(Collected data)
■ ■ ■ ■ ■
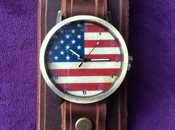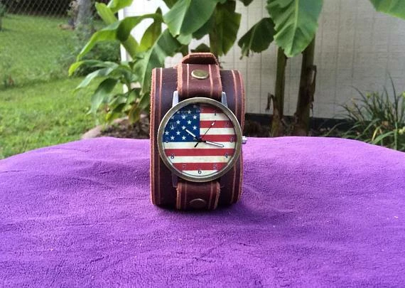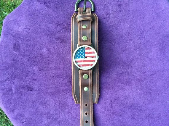 RockinLeather Brown Leather Cuff Watch With American Flag Face And Buckle Accessories
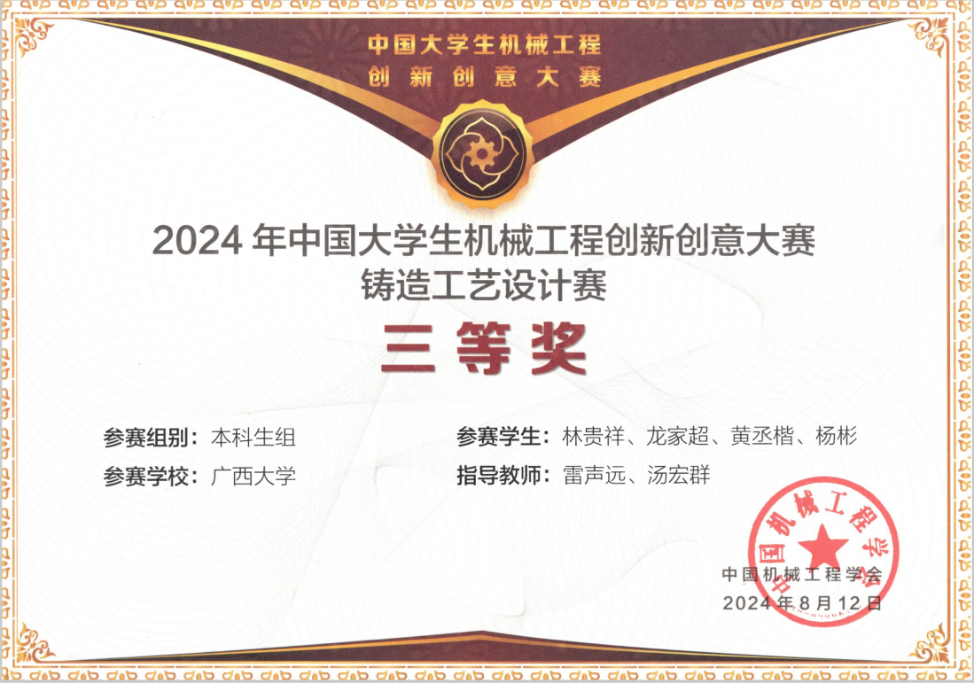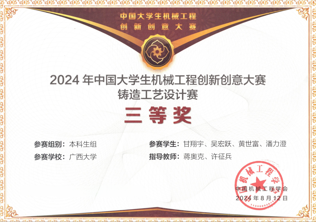 近日,2024 年中国大学生机械工程创新创意大赛铸造工艺设计赛全国总决赛圆满落幕,全国100多所高校同场竞技,展开激烈角逐。最终,我院材料成型及控制工程专业两个团队荣获全国三等奖2项。 由中国机械工程学会主办、中国机械工程学会铸造分会承办的“中国大学生机械工程创新创意大赛:铸造工艺设计赛”旨在为材料成型相关专业在校学生提供社会实践平台,鼓励学生主动跟踪铸造科技发展,学习铸造专业知识,提高铸造工艺设计和操作技能,提升科技创新与工程实践能力,为铸造行业培养优秀专业人才。 我院将以此次比赛为契机,积极探索专业教学改革,秉持“以赛促学、以赛促教、以赛促研、以赛促创”的理念,引导学生深入企业交流实践,激发学生对专业领域前沿技术的浓厚兴趣与探索热情,培养具有发现、分析、解决复杂工程问题能力的拔尖创新人才。 编辑|周大淇 审核|吴达慧
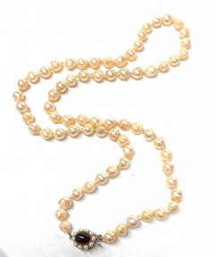 Lot Description:A Strand of Baroque Akoya Pearls, 9ct Yellow Gold Garnet & Pearl Clasp
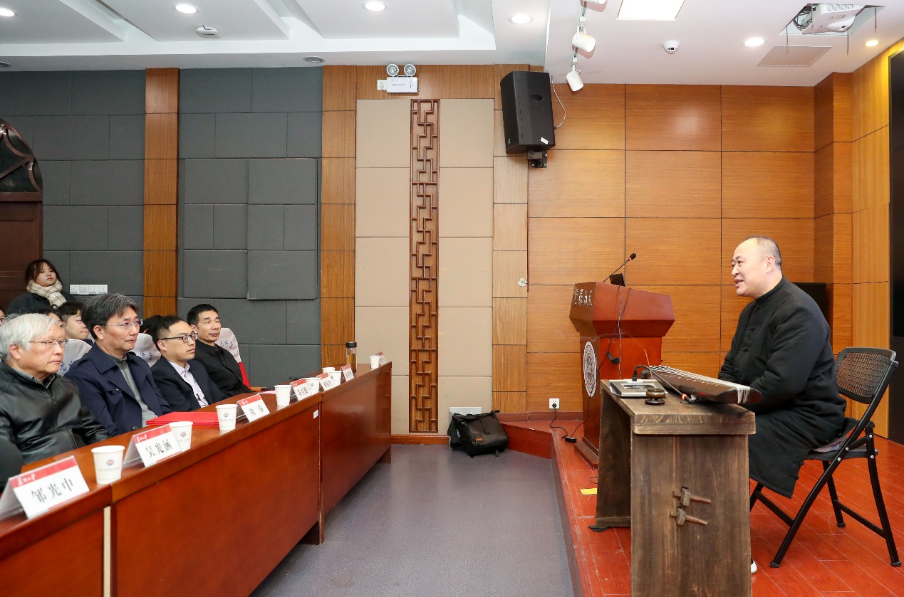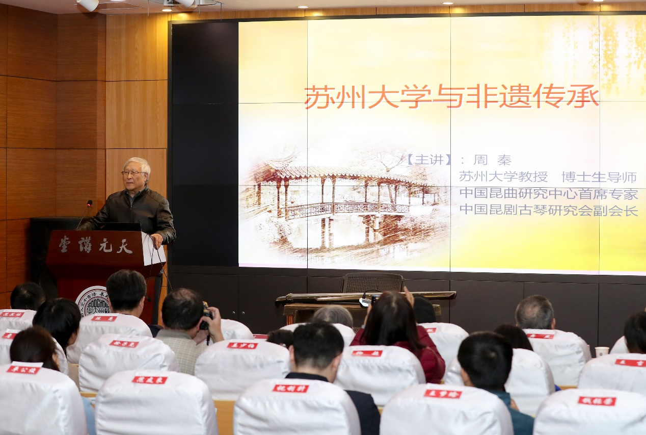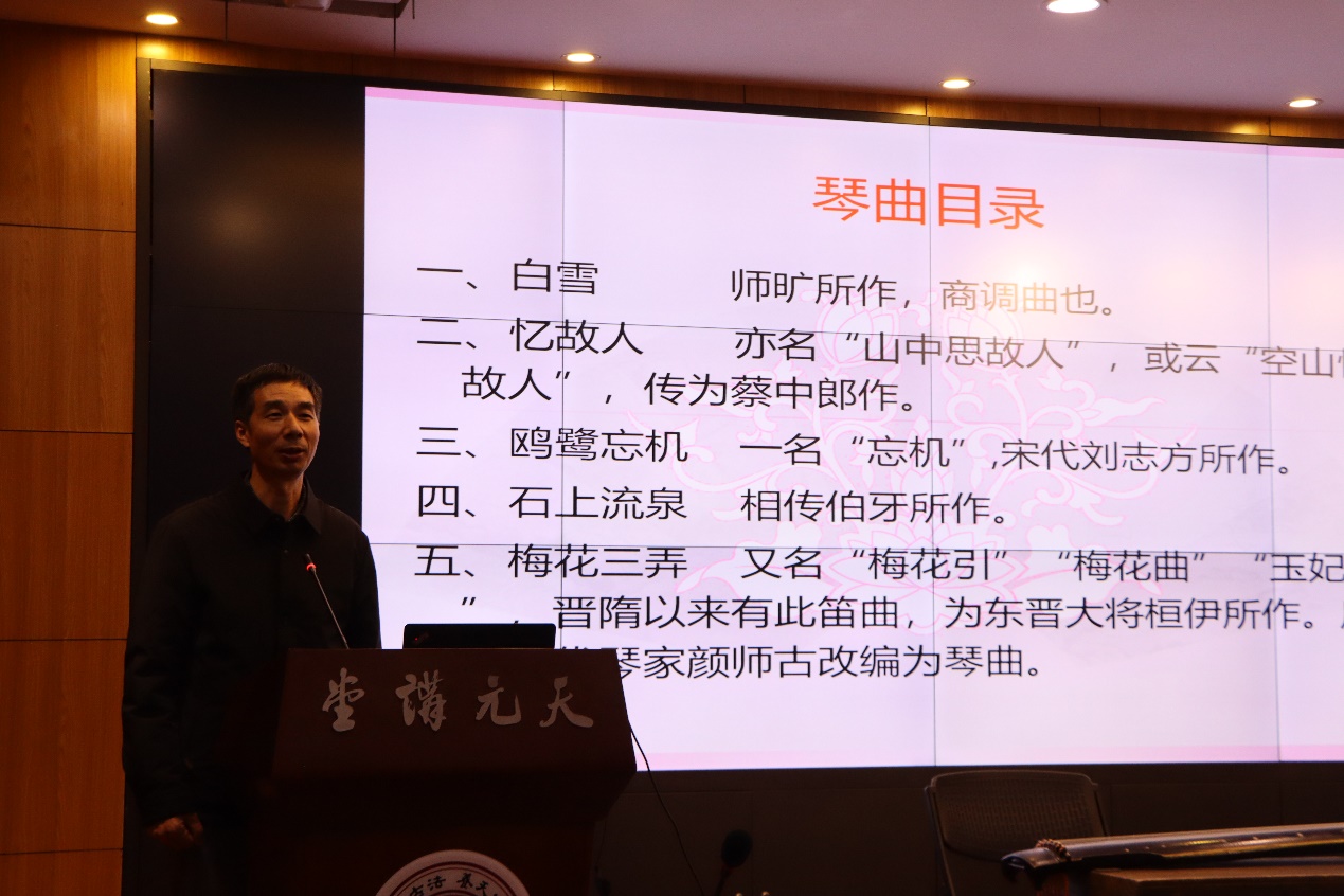 周秦教授则从黄色仓库 与非遗传承的角度,首先讲述了苏州作为首个世界遗产典范城市(2018年入选),在历史、现代和未来的时间轴上,所产生的非凡的世界级的文化影响。他以苏州古典园林、大运河、昆曲、古琴为例为同学们阐释了苏州在世界遗产方面的杰出成就,赞叹之余激情为大家演唱长生殿.·闻铃〔武陵花〕,高亢、婉转、华丽的曲调传达着昆曲独有的典雅之美。他指出,学习并传承昆曲古琴等传统文化,可以使我们变成一个完整的、真正的、文化上的人。周老师从介绍古琴的悠久历史,琴派风格、大师生平入手展示古琴的艺术魅力,重点介绍了吴老八十年代创建的吴门琴派在古琴艺术传承上所作出的杰出贡献;结合自己与吴老台上台下多年的交流,他为大家展示一个琴艺高超、琴德高贵、琴学深厚的老艺术家风范。他鼓励青年学生见贤思齐,齐心协力,承载起传承优秀传统文化和将它创新性发展、创造性转化的责任,让优秀传统文化在新时代焕发更加绚丽的光彩,为世界文化的多样性做出更大贡献。他说:“我希望以后的文化永远是青春的,天佑中华。保佑我们的优秀传统文化,就是保佑我们民族的命脉。”
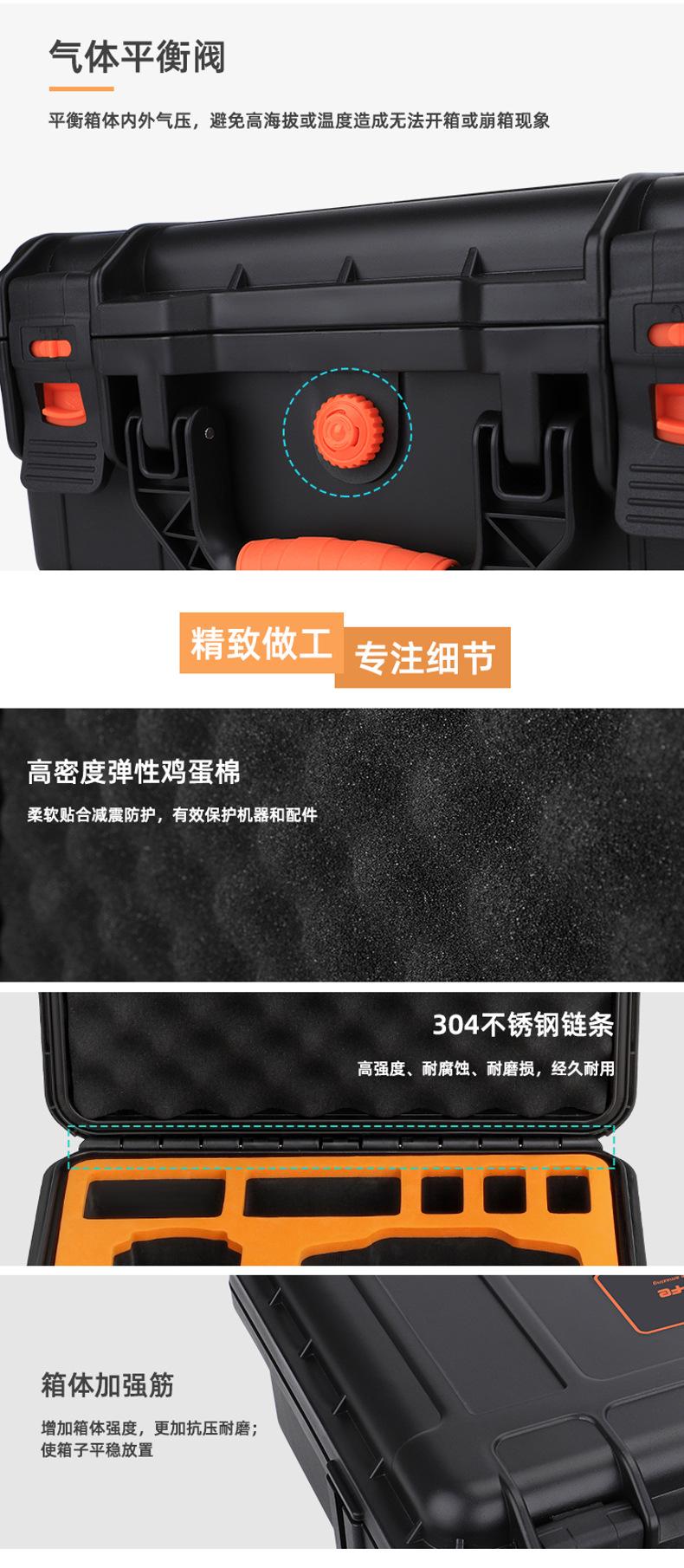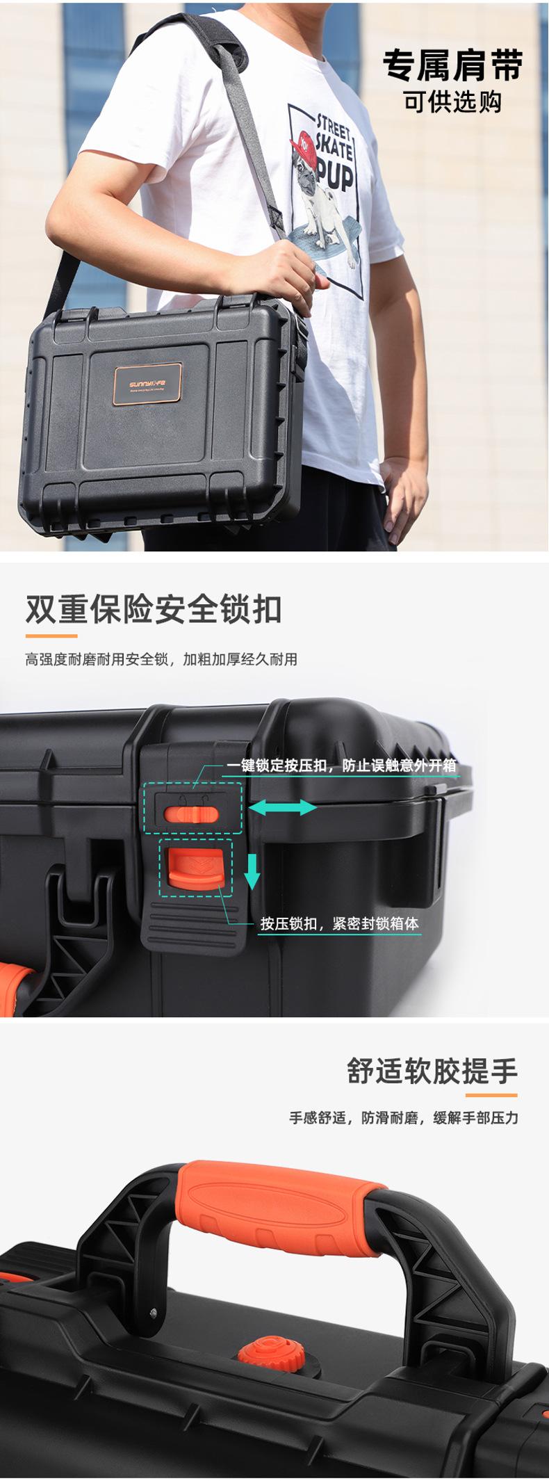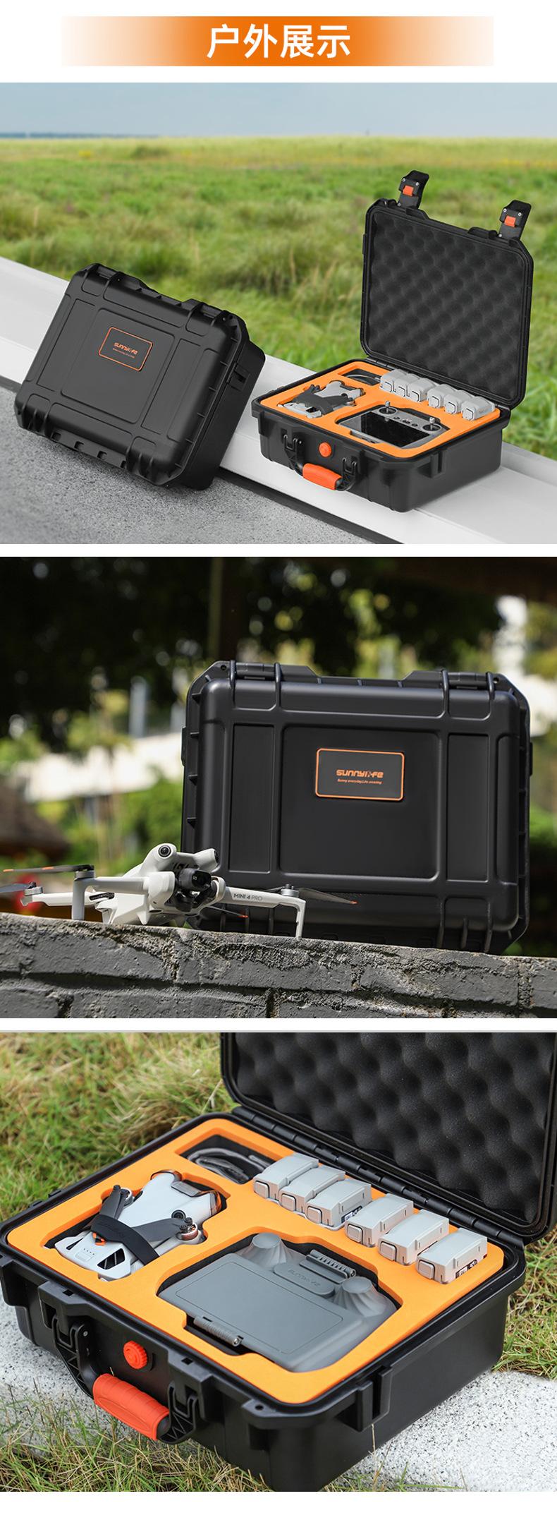 Grande capacidade, pode acomodar drones, DJI RC2 ou RC-N2, gerenciador de bateria, 7 baterias (incluindo uma para o drone), hélices, cabos de dados, carregadores, cordões, caixas de filtro Sunnylife ou tripés spider e outros acessórios.
■ ■ ■ ■ ■
With all pictures omitted, return exactly the lines from the one containing "Lot Description:A Strand" through the end of the entries above.

 Lot Description:A Strand of Baroque Akoya Pearls, 9ct Yellow Gold Garnet & Pearl Clasp
 周秦教授则从黄色仓库 与非遗传承的角度,首先讲述了苏州作为首个世界遗产典范城市(2018年入选),在历史、现代和未来的时间轴上,所产生的非凡的世界级的文化影响。他以苏州古典园林、大运河、昆曲、古琴为例为同学们阐释了苏州在世界遗产方面的杰出成就,赞叹之余激情为大家演唱长生殿.·闻铃〔武陵花〕,高亢、婉转、华丽的曲调传达着昆曲独有的典雅之美。他指出,学习并传承昆曲古琴等传统文化,可以使我们变成一个完整的、真正的、文化上的人。周老师从介绍古琴的悠久历史,琴派风格、大师生平入手展示古琴的艺术魅力,重点介绍了吴老八十年代创建的吴门琴派在古琴艺术传承上所作出的杰出贡献;结合自己与吴老台上台下多年的交流,他为大家展示一个琴艺高超、琴德高贵、琴学深厚的老艺术家风范。他鼓励青年学生见贤思齐,齐心协力,承载起传承优秀传统文化和将它创新性发展、创造性转化的责任,让优秀传统文化在新时代焕发更加绚丽的光彩,为世界文化的多样性做出更大贡献。他说:“我希望以后的文化永远是青春的,天佑中华。保佑我们的优秀传统文化,就是保佑我们民族的命脉。”
 Grande capacidade, pode acomodar drones, DJI RC2 ou RC-N2, gerenciador de bateria, 7 baterias (incluindo uma para o drone), hélices, cabos de dados, carregadores, cordões, caixas de filtro Sunnylife ou tripés spider e outros acessórios.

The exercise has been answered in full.